The Enterprise began a gentle turn as flight deck crew members checked that the Prowlers and their pilots were ready for launch. The moment the massive ship steadied, PriFly issued clearance to launch both aircraft. The blast deflector lifted behind the EA-6B on the starboard bow catapult and the pilot ran up the two Pratt and Whitney turbojets to full power. The J52 engines are non-afterburning, but are still powerful enough to give the Prowler a maximum speed of nearly six hundred miles an hour. The aircraft was heavy: although it wasn’t carrying drop tanks, it had a maximum load of four AGM-88 HARM anti-radar missiles and a single ALQ-99 TJS external pod.
Once the Prowler pilot indicated he was at full power, the steam catapult was triggered and the EA-6B shot along the deck. Thirty seconds later the second Prowler launched from the port catapult. Both aircraft took up a south-westerly heading and began climbing to their pre-briefed altitude of thirty-two thousand feet.
‘Climax, Zapper formation is switching to discrete.’
‘Zapper, Climax. Roger.’
The Prowler crews switched frequencies simultaneously.
‘Zapper Two.’
‘Two from One, roger. Break, break. Alpha Three, this is Zapper formation in the climb to three two zero heading two three five and squawking mode three alpha code four three two one.’
‘Zapper, Alpha Three, you’re identified. Maintain heading and call level at three two zero. Squawk standby. No traffic at present.’
‘Roger, Alpha Three.’
On launch, they were over five hundred miles from the Korean Peninsula, and at that height they were still well below the radar horizon of any DPRK surveillance sites.
The range/height calculation as it relates to radar coverage is simple enough: because of the curvature of the Earth, an aircraft at an altitude of five thousand feet will paint on a surveillance radar at a range of about fifty miles. To ensure the Prowlers stayed undetected, the Hawkeye would instruct them to begin descent before they reached the theoretical radar horizon, and set them up in a holding pattern at least one hundred miles from the east coast of the peninsula. From that point, they would be able to hit the first of the North Korean radar sites, assuming their assistance was needed, in less than twelve minutes.
Cobra and Viper formation, Sea of Japan
Flying in formation at well over four hundred miles an hour and less than five hundred feet above the surface of the sea, a pilot’s concentration has to be absolute. A split-second’s inattention and the Harrier could plunge into the waves or plough into another aircraft, and the four GR9s had widened their formation slightly to provide an added margin of safety.
‘Vipers, Cobra One. Stand by for split in thirty seconds.’
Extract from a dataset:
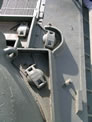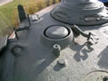 The overhead shot of the driver's hatch shows the final configuration of the small hatch. The counterbalance spring, hold-open latch, and periscope guard were all introduced after production started. The two double hooks are for the driver's foul weather hood and are not present on the co-driver's side.

Richter took his eyes off the view through the windscreen for the bare few seconds it took to visually check his cockpit, then looked back.
‘Split now, now, now. Good hunting, Vipers.’
But as the tracks of the two pairs of Harriers diverged, the AEW Sea King radar controller passed his first traffic information message, and it wasn’t good news.
‘Cobras, Vipers, November Alpha. Picture Charlie. Launches from the airfields at T’ae’tan, Nuchonri, Kuupri, Wonsan, Toksan and Ŏrang. Multiple bandits, all tracking towards the east coast of the peninsula. Stand by for numbers and locations.’
‘Shit,’ Richter muttered. ‘That’s all we needed.’
USS Enterprise , North Pacific Ocean
The first Hornet taxied to the starboard bow catapult, expertly directed by a marshaller, and stopped with its nosewheel in precisely the right spot. The holdback – a steel bar designed to stop the aircraft moving forwards when the engines were run up to full power prior to launch – was attached to the rear of the nosewheel landing gear, and the front hitched to the catapult itself. Steam swirled around the men carrying out these tasks, giving the scene a somewhat surreal appearance.